By Flint MichiganThe only explicitly situationist band on the Factory label, The Royal Family & The Poor culled together conceptual art stratagems, unrehearsed punk and lacerating social critique into a devastating cocktail. Flint Michigan talks to ‘singer' Prince Brian aka Arthur McDonald and finds out why nothing this good ever lasts , 21 September 2010

Intrudiction

It's pretty much accepted that Factory records was one of the foremost popularisers of the Situationist International. From naming their club The Hacienda to flashing the SI Anthology on a TV documentary to, so it has been reported, encouraging various Factory band members to read Debord's Society of the Spectacle, Tony Wilson, like Malcolm Mclaren and Bob Last of Fast Product, seemed to be on a mission to subvert youth with mutant pop and heavily signified artifacts.
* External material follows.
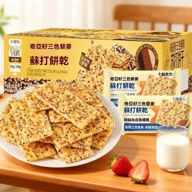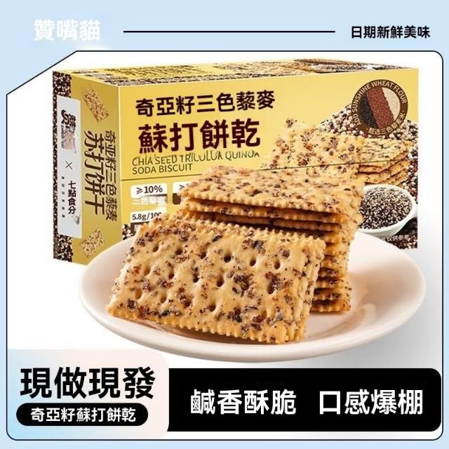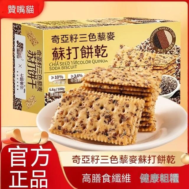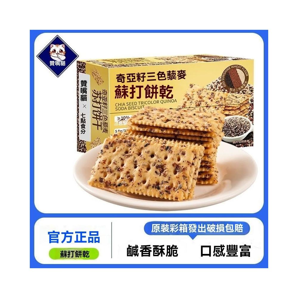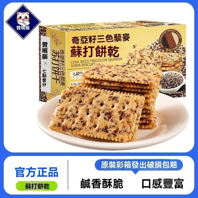 熱賣中贊嘴貓奇亞籽三色藜麥蘇打餅乾200g鹹味抗餓飽腹無蔗糖解饞小零食

Of all the outfits on the label in its early years none was more explicitly situationistic than the first line-up of The Royal Family & The Poor. Beginning as a duo between Arthur McDonald and Mike Keane, who met as participants in the Prem Rawat Foundation in Liverpool, the line up extended to include bassist Nathan McGough and drummer Phil Hurst. Enticing Wilson's obvious interest the group were booked into Graveyard Studios where they laid down some stringent proto-punk-funk tracks as backing to Arthur McDonald's laconically acerbic lyrics. On one such track Arthur read verbatim sections from Vaneigem's The Revolution of Everyday Life with such a composed yet angry intonation that it figured as an interpretation, a translation of a form of theoretical language that most '80s teenagers hadn't been exposed to. On ‘Death Factory' it was the turn of guitarist Mike Keane to spontaneously improvise the lyrics.

 

Image: Arthur during the performance

Together with ‘Rackets', these tracks found their way on to one side of the double album A Factory Quartet together with tracks by Durutti Column, Kevin Hewick and Blurt. Yet coupled to The Royal Family & The Poor's popularisation of theoretical language as ‘poetry without poems' there was a pronounced stance against musical cliché. The synth/drum filler track ‘Dirge' starts as classic factory atmosphere yet descends into an out-of-tune, out of rhythm mélange: a kind of regression that gleefully embraces incompetence. Playing live, even at such showcase gigs as the Factory at the Moonlight series, were not seen as opportunities to impress the status quo, but as another opportunity to learn-in-public that was as sophisticatedly sincere as the angry yet knowingly nonchalant intonation of the lyrics. A snapshot from the '80s music press says it all:

The Royal Family know nothing about music, but probably read a lot of books. Their performance was apparently improvised....The singer wore a long black overcoat and shaggy hair. He has adopted the mantle of Prince Brian. Brian's forte is declaiming ‘provocative' sentences, usually with his back to a grateful audience... He vouchsafed that ‘All politics is fascism' and went well beyond his level of competence in claiming that ‘Every man and woman is a star'.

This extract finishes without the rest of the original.